At the same time, however, the FBI director has been widely criticized by people in both parties for his handling of investigations connected to the election — the Russia investigation as well as the probe into Hillary Clinton’s email practices while she was secretary of state.
In firing Comey, Trump said he had acted on the recommendation of Deputy Attorney General Rod Rosenstein, a career prosecutor who is overseeing the FBI’s handling of the Russia investigation because Attorney General Jeff Sessions has stepped aside from any role in it.
In a memorandum to Sessions, which was released by the White House, Rosenstein harshly criticized Comey for his actions going to back to last July, when he held a news conference to announce that the FBI would not seek charges against Clinton in the email investigation but also denounced her conduct.
That was a serious misjudgment, Rosenstein said: “The goal of a federal criminal investigation is not to announce our thoughts at a press conference.”
He went on to say that Comey had made the problems worse with his decision to disclose in October that the FBI had reopened its investigation of Clinton after finding State Department emails on a computer belonging to former Rep. Anthony Weiner, the estranged husband of Clinton’s aide, Huma Abedin.
Clinton has blamed the Comey letter for her defeat, although polling evidence on that point is unclear.
Comey told a congressional committee last week that he had no choice but to disclose the investigation and not “conceal” it. Rosenstein sharply disagreed.
Prosecutors don’t disclose nonpublic information about investigations, he wrote: “Silence is not concealment.”
Given all of Comey’s errors and his refusal to admit that they were mistakes, “the FBI is unlikely to regain public and congressional trust until it has a director who understands the gravity of the mistakes and pledges never to repeat them,” Rosenstein wrote.
Sessions, in a letter to Trump, said that he was recommending Comey’s dismissal “for the reasons expressed by the deputy attorney general” and in order for the department to “clearly reaffirm its commitment to longstanding principles” of proper conduct by investigators.
Trump, in a letter to Comey informing him of his dismissal, said he had accepted the recommendation. He added that he “greatly appreciate(d) you informing me on three separate occasions, that I am not under investigation.”

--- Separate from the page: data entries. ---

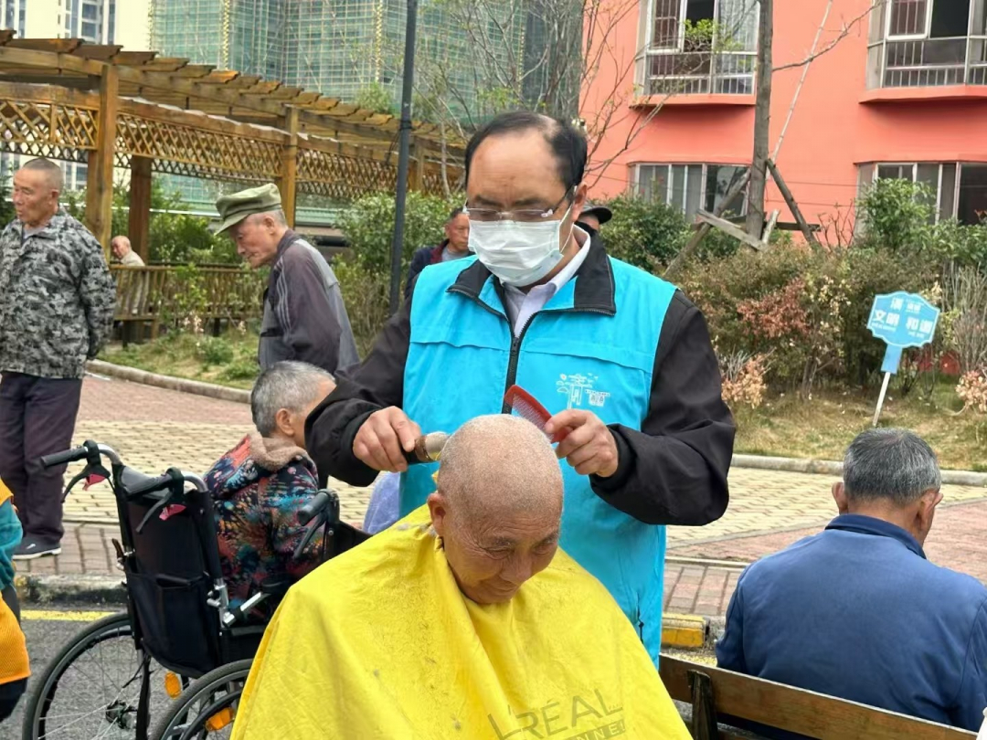 付文龙为敬老院老人剪发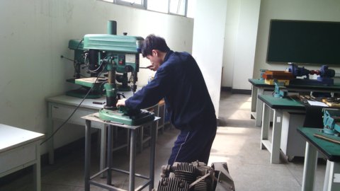 10日下午是镶配件制作,竞赛从14:40开始――17:10结束,历时150分钟,赛场中虽然电风扇在高速旋转,带来些许凉意,但经过一系列的划线、锯割、锉削、钻孔等高强度操作,选手们还是汗流浃背,但他们仍在按照工艺方案和操作要领,认真专注的进行镶配件制作,虽然工件难度较大、时间又紧,但是我们还是按时完成了镶配件制作。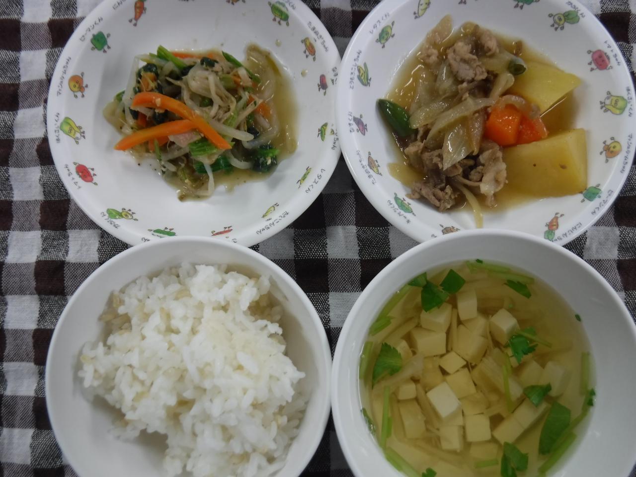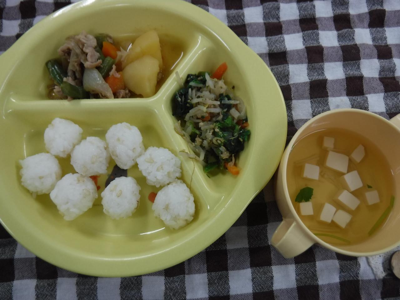 普通給食2歳児量:発芽玄米入りごはん 肉じゃが ほうれん草ともやしの胡麻和え 豆腐のすまし汁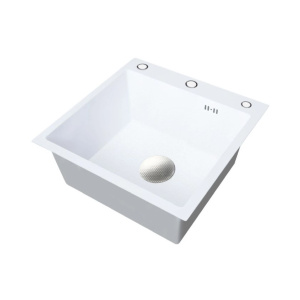 Цвет белая Размер (ВхШхГ), см50х50х22 Материал Нержавеющая сталь 304 Форма Квадратная Монтаж на столешницу подвесная с навесами с переливным отверстием сифон, коландер в цвете хром благодаря высококачественному покрытию мойка имеет большую износостойкость, и прекрасно сопротивляется воздействию агрессивных веществ олеофобное покрытие позволяет легко отмывать загрязнения и создает дополнительную антикоррозионную защиту.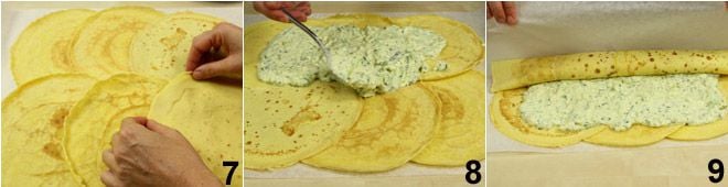 Legen Sie auf ein mit Butter bestrichenes Backpapier die Crêpes so übereinander, dass sie ein Rechteck bilden 7, verteilen Sie die Zucchini- und Philadelphia-Mischung in der Mitte des Rechtecks 8 und rollen Sie die Crêpes mit Hilfe des Backpapiers auf 9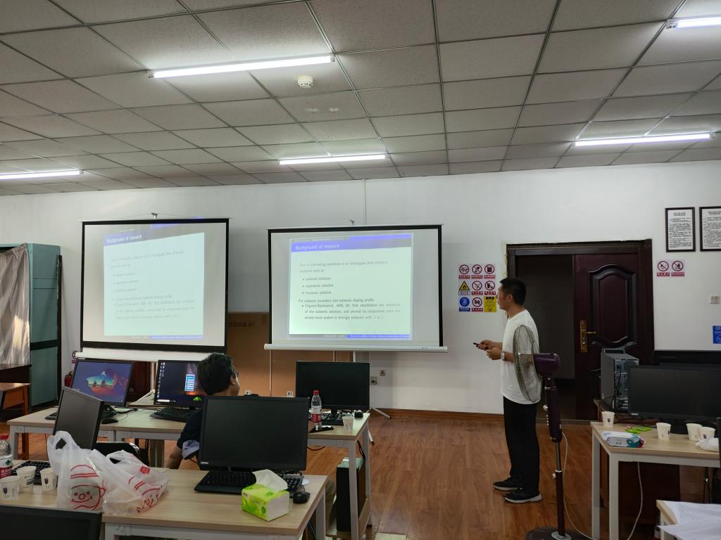 冯教授简述了自己的研究方向与研究工作。随后将报告中的专业名词进行了介绍,并对于研究内容进行简要的解读。接着冯教授对于自己的课题做出模型了假设,并对于假定的模型给予了一些条件限制,对于此课题的研究现状进行了说明。接着冯教授对于主要的结果进行了呈现。对两种解的效果进行详细说明,并做了比较。将提到的定理进行了充分的证明。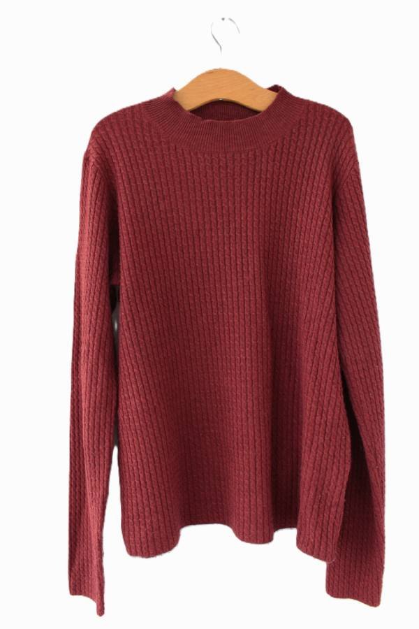 Sweter vintage w odcieniu mlecznej czekolady, z wełną i wiskozą w składzie.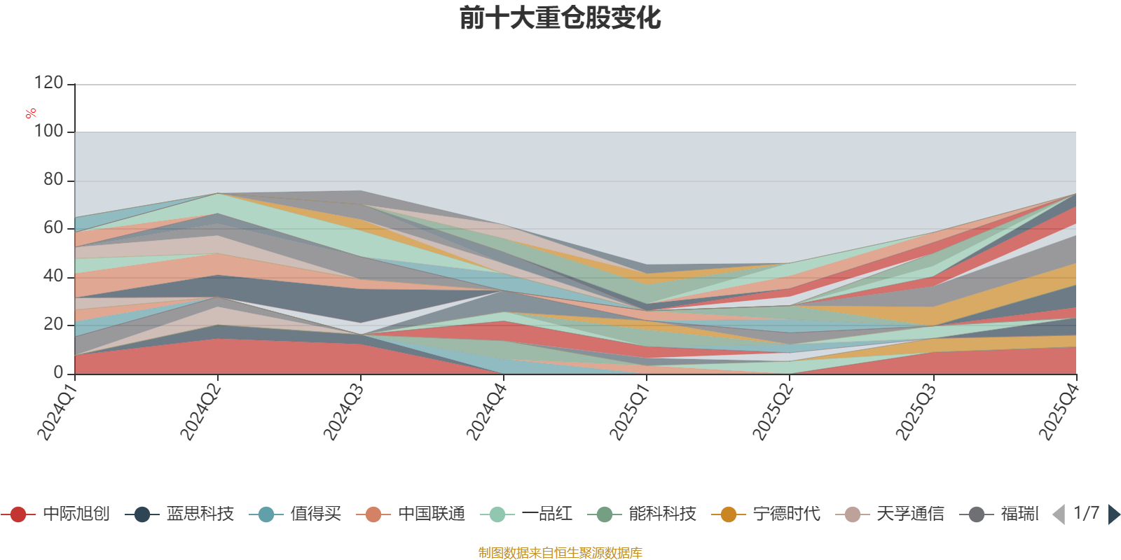 截至2025年四季度末,基金十大重倉股分別是新易盛、中際旭創(chuàng)、滬電股份、創(chuàng)源股份、寒武紀、生益科技、江波龍、仕佳光子、寧德時代、佰維存儲。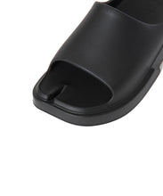 つま先が割れていて足袋のようなデザインが特徴的なサンダル。指先が分かれていることによりクッション性が分散されるので履きやすく、心地よい歩行をサポートします。独自開発した技術で作られた素材を使用しており、軽さはもちろんのこと衝撃緩和と弾力性を兼ね備え、足にかかる負担を減らし、体へのリカバリー効果も期待できます。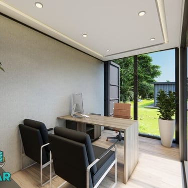 Esta oficina modular representa una solución moderna, sustentable y adaptable para entornos laborales que requieren versatilidad, privacidad y eficiencia en espacios compactos.

White House press secretary Sean Spicer announced the decision to reporters Tuesday evening, saying that Trump had “accepted the recommendation of the attorney general and the deputy attorney general regarding the dismissal of the director of the Federal Bureau of Investigation.”
In a statement, the White House quoted Trump as saying that “the FBI is one of our nation’s most cherished and respected institutions and today will mark a new beginning for our crown jewel of law enforcement.”
A search for a new permanent FBI director will begin immediately, the statement said.
Comey was confirmed in 2013. Although the FBI director serves a fixed term, which is supposed to insulate him from political pressure, previous presidents of both parties have taken the position that as an officer of the executive branch, the director can be fired by the president.